The evidence was presented to the IAAF before the 2012 London Olympics and they didn’t have the balls to act upon it. As a consequence the London Olympics were a sham.
- Revealed many instances of inadequate testing and poor compliance around testing standards.
- Suggested that neither the Russian athletics federation (Araf) the Russian anti-doping agency (Rusada), nor the Russian Federation can be considered anti-doping code-compliant.
- Recommended that Wada withdraw its accreditation of the Moscow laboratory as soon as possible and advocated the permanent removal of its director Grigory Rodchenko, whom it accuses of asking for and accepting bribes and intentionally destroying samples he was told to keep.
- Confirmed allegations that some Russian doctors and/or laboratory personnel acted as enablers for systematic cheating along with athletics coaches.
- Identified the intentional and malicious destruction of more than 1,400 samples by Moscow laboratory officials after receiving written notification from Wada to preserve target samples.
- Said that Russian security service FSB were present at the Moscow and Sochi labs and that this was part of a wider pattern of “direct intimidation and interference by the Russian state with the Moscow laboratory operations.”

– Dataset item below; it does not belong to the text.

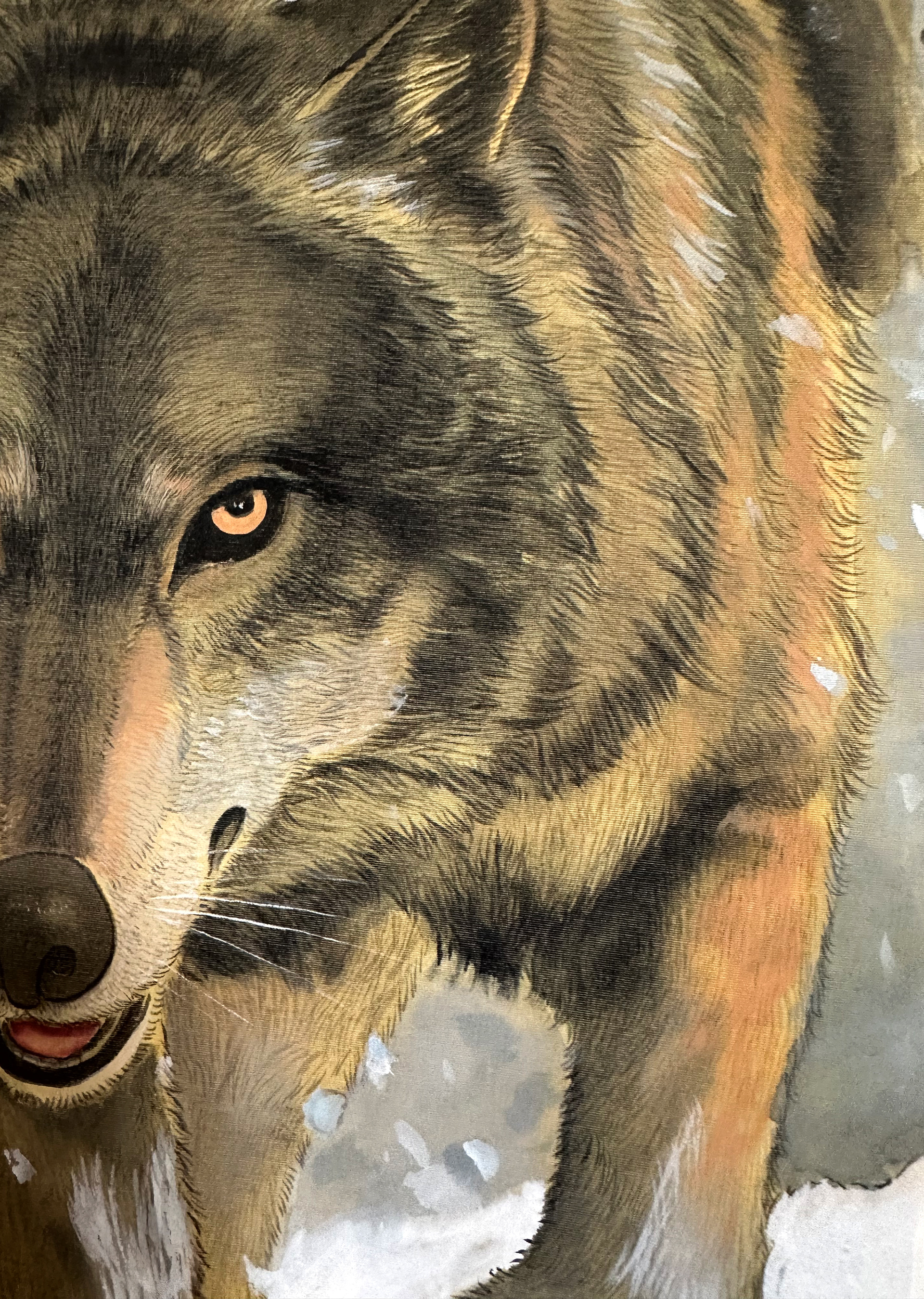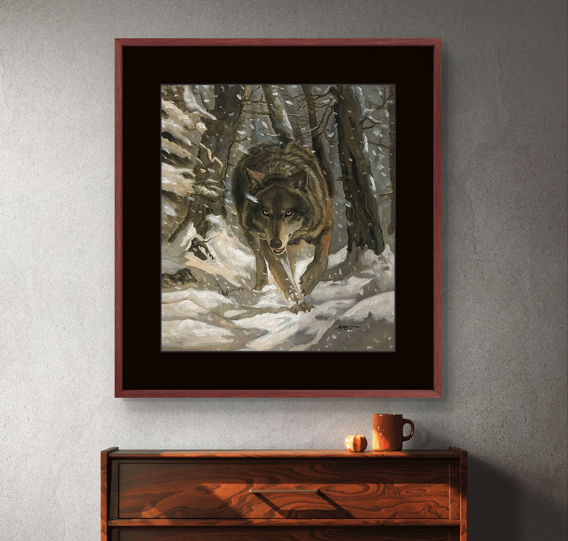 « Prédateur des Neiges » est une œuvre majeure de la série Symbiose des vies. La silhouette du prédateur, avançant dans le vent et la neige, incarne le rôle que la nature lui a attribué. Ce rôle, chargé d’une force qui dépasse la simple existence physique, révèle autant son instinct de survie que sa sagesse propre. Chaque pas qu’il trace dans cet univers glacé s’inscrit à la fois dans le rythme profond de la nature et dans l’affirmation de son identité en tant qu’individu. Cette relation intime avec la nature confère à l’existence une tension et une profondeur inégalées.

- Found that Rusada gave athletes advance notice of tests, hid missed tests, bullied doping control officers and their families and took bribes to cover up missed tests.
- Found that a number of Russian athletes suspected of doping could have been prevented from competing at the London 2012 Olympics had it not been for “the collective and inexplicable laissez-faire policy” adopted by the IAAF and the Russian athletics federation.
- Found that Russian law enforcement was involved in efforts to “interfere with integrity of samples”.
- Found evidence of multiple rules breaches by IAAF officials and found the governing body to be “inexplicably lax in following up suspicious blood (and other) profiles”.